Blog - 26/01/2022
Future Exhaustion of IP Rights Regime in the UK – January 2022 Update
Following the closure of the UK government’s consultation on 31 August 2021 seeking views from stakeholders on the most appropriate IP rights exhaustion regime in the UK following Brexit (see the previous note here), the UK government has now published its summary of the responses received, but has decided that it cannot arrive at a decision based on the criteria originally set out.
The public consultation
The consultation was considered necessary by stakeholders because after Brexit on 31 December 2020 the UK chose to retain the EEA’s regional exhaustion regime with regards to imports of goods into the UK from the EEA –EU rights holders continue to be free to export goods into the UK. However, it has become an asymmetric system because the EU has not reciprocated. IP rights in goods first placed on the market in the UK are no longer considered exhausted in the EEA. This means that owners of UK IP rights are not able to prevent parallel imports from the EEA into the UK, but owners of EEA rights will be able to prevent goods put on the market in the UK from being sold in the EU.

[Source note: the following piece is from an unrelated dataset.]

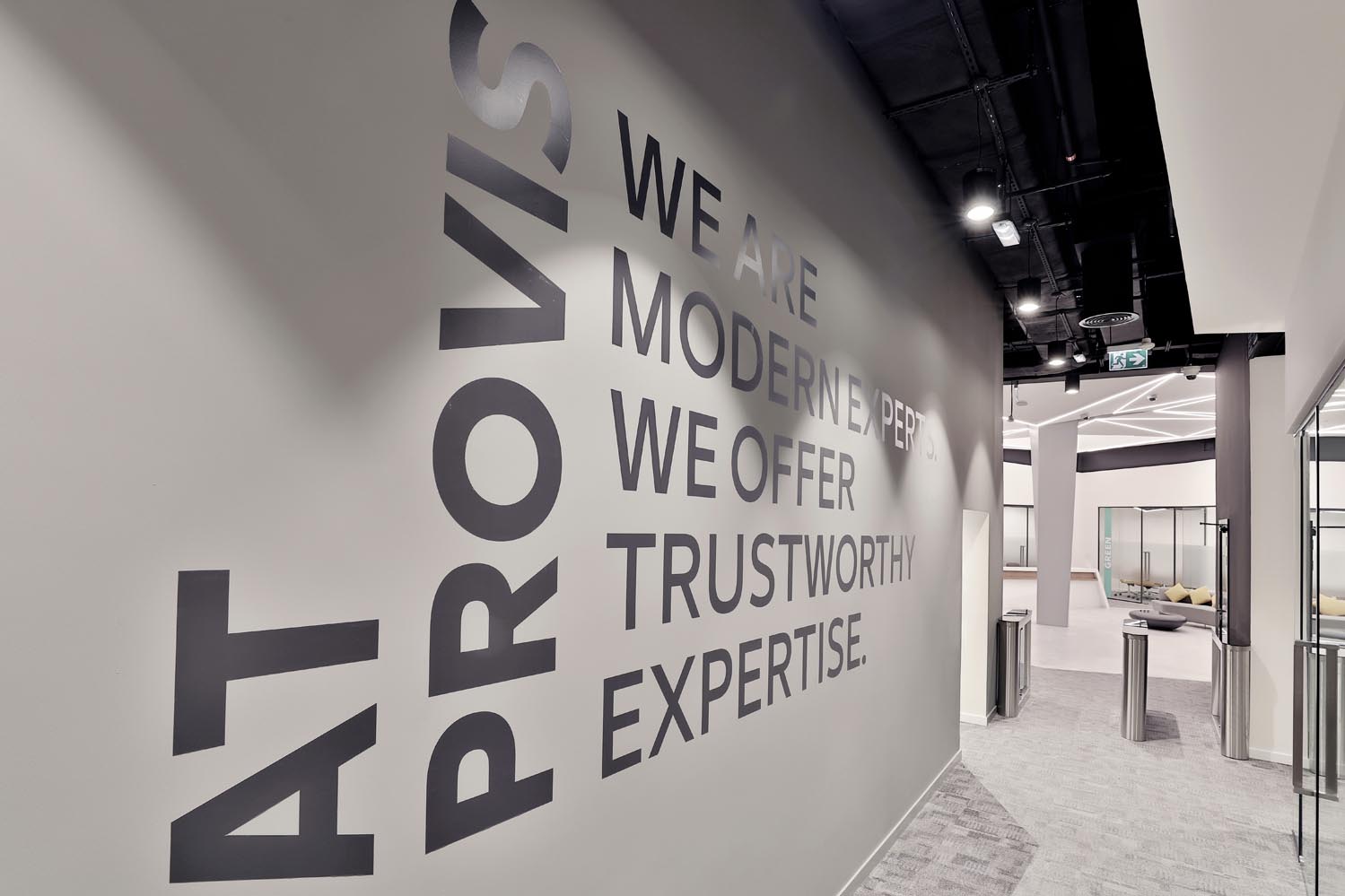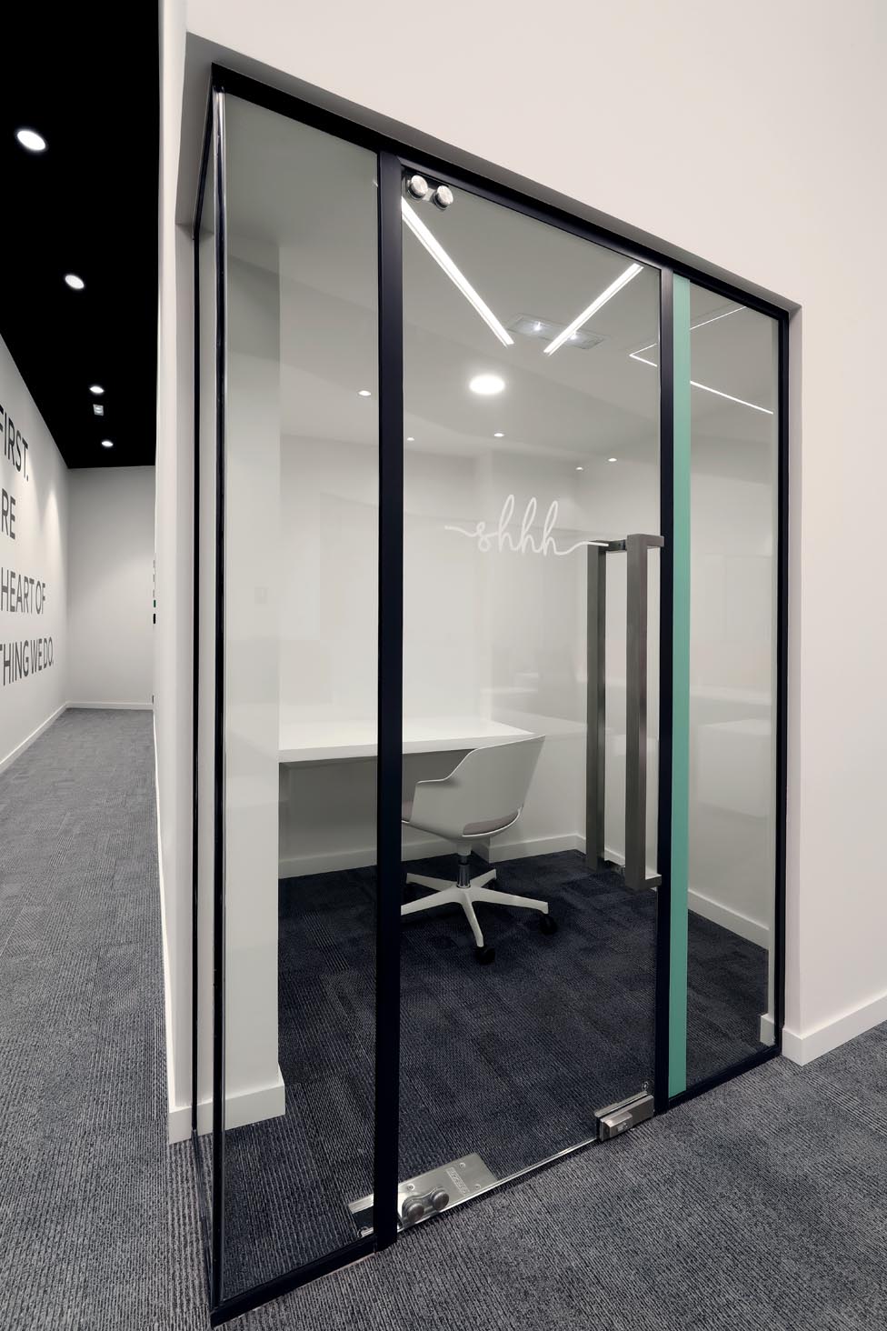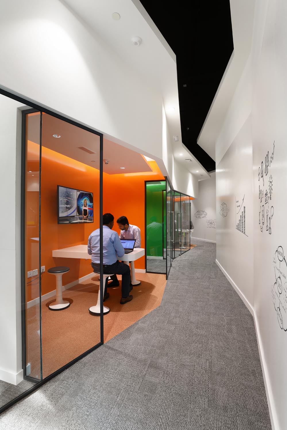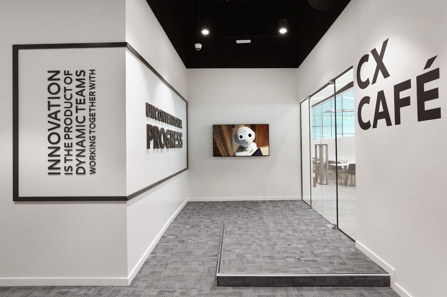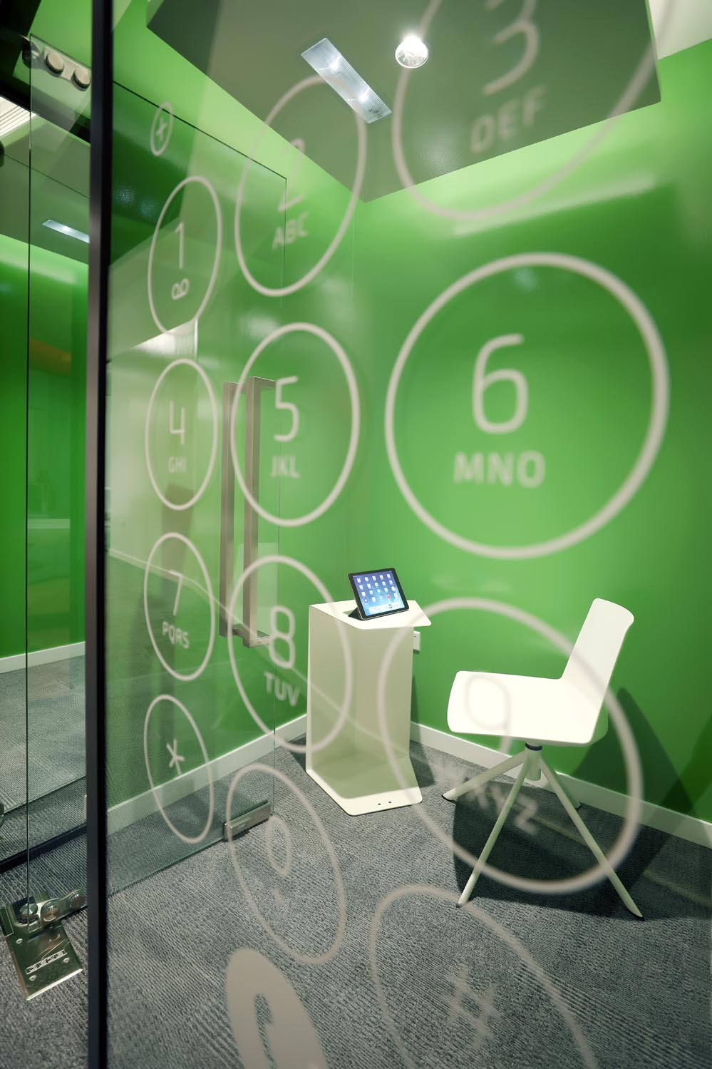 The design makes full use of the exceptional internal height of 5,35 m. and is centered around a series of open spaces which are interconnected by 3D and 2D faceted ceilings. The original, space which was completely windowless, has been radically transformed via a series of spot demolitions which created a new ample glazed facade on the north perimeter of the unit, as well as 7 skylights on the roof which diffuse natural light on the working space below. Project includes open workstations, enclosed offices for managers and dept. heads, C-level suites, CEO office, board meeting room with majilis, 5 meeting rooms, training room, informal meeting spaces, phone booths, call center, break-out area with pantry, server room and storages.

The public consultation was launched for the purpose of obtaining the views of respondents on the most appropriate exhaustion of IP rights regime for the UK. Four options were outlined during the consultation, a unilateral EEA (UK+) regime, a national regime, an international regime and a mixed regime. Respondents were asked to provide their views and supporting evidence on what regime should be implemented, and how that implementation would take place.
In an update posted on 18 January 2022, the UK government has concluded that following its initial analysis, there is not enough data available to understand the economic impact of any of the alternatives to the existing UK+ regime. The government has announced that it will develop the policy framework further, reconsider the evidence and make a decision at a later date, but does not give a timeframe for when this will happen. Whilst this is a little unsatisfactory, it is surely sensible to once again maintain the status quo taking into account the importance of the subject matter and the relatively short period of time since Brexit in which to gather data.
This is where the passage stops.